Question

find the smallest number by which 2560 must be multiplied so that the product is a perfect cube​

Answer 1

Firstly, we find prime factor.

2560=2 *2*2*2*2*2*2*2*2*5

Here,

On grouping the factor, we find that 5 is left out.

Therefor, 5 must be multiplied so that the product is a perfect cube.

I hope you like it.

Answer 2

Given,

Number = 2560

Prime Factorisation of 2560 =

$\begin{array}{r|l}2&2560\\\cline{1-2}2&1280\\\cline{1-2}2&640\\\cline{1-2}2&320\\\cline{1-2}2&160\\\cline{1-2}2&80\\\cline{1-2}2&40\\\cline{1-2}2&20\\\cline{1-2}2&10\\\cline{1-2}5&5\\\cline{1-2}&1\end{array}$

2560 = 2 × 2 × 2 × 2 × 2 × 2 × 2 × 2 × 2 × 5

In the above Prime Factorisation the number 2 is paired thrice.

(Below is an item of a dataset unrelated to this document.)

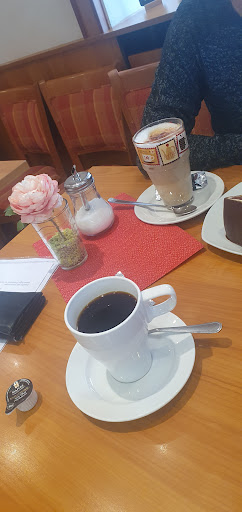 Nie wieder!!! So etwas Schreckliches habe ich schon lange nicht mehr zu mir nehmen müssen! Die Bedienung hatte den Charme und die Ausstrahlung einer Dampfwalze! Ich hatte eine Tasse Kaffee bestellt und leider nicht ausdrücklich 'Cafe Creme' geordert. Nachgefragt oder gar angeboten wurde er mir nicht. Der Filterkaffe (dass es so etwas überhaupt noch gibt) war eine dünne Plörre und der Bienenstich dazu schmeckte nach Chemie und synthetischen Inhaltsstoffen und nicht nach einer leichten, sahnigen Creme. Wäre ich doch bloß ein paar Meter weiter gelaufen - es gibt eine ganz liebevoll gestaltete Kaffeerösterei mit köstlich aussehenden Törtchen und einer sehr freundlichen Dame, die gerne und sachkundig über ihre Produkte Auskunft gibt. Schade, dass in Deutschland leider noch immer solch eine schlechte Qualität geboten und seitens der Klientel ja anscheinend auch angenommen wird! Jeder simple italienische Eissalon bietet schmackhaften Kaffee an nur deutsche ''Etablissements' bekommen das...

But the number 5 is remained single. Hence, we should multiply 5 × 5 to make perfect cube.

Thus, we should 25 to 2560 to make it a perfect cube.

2560 × 25 = 64000

3√64000 = 240.

Therefore, the perfect cube of 64000 is 240.Hence, we should multiply 25 with 2560 to make it perfect cube.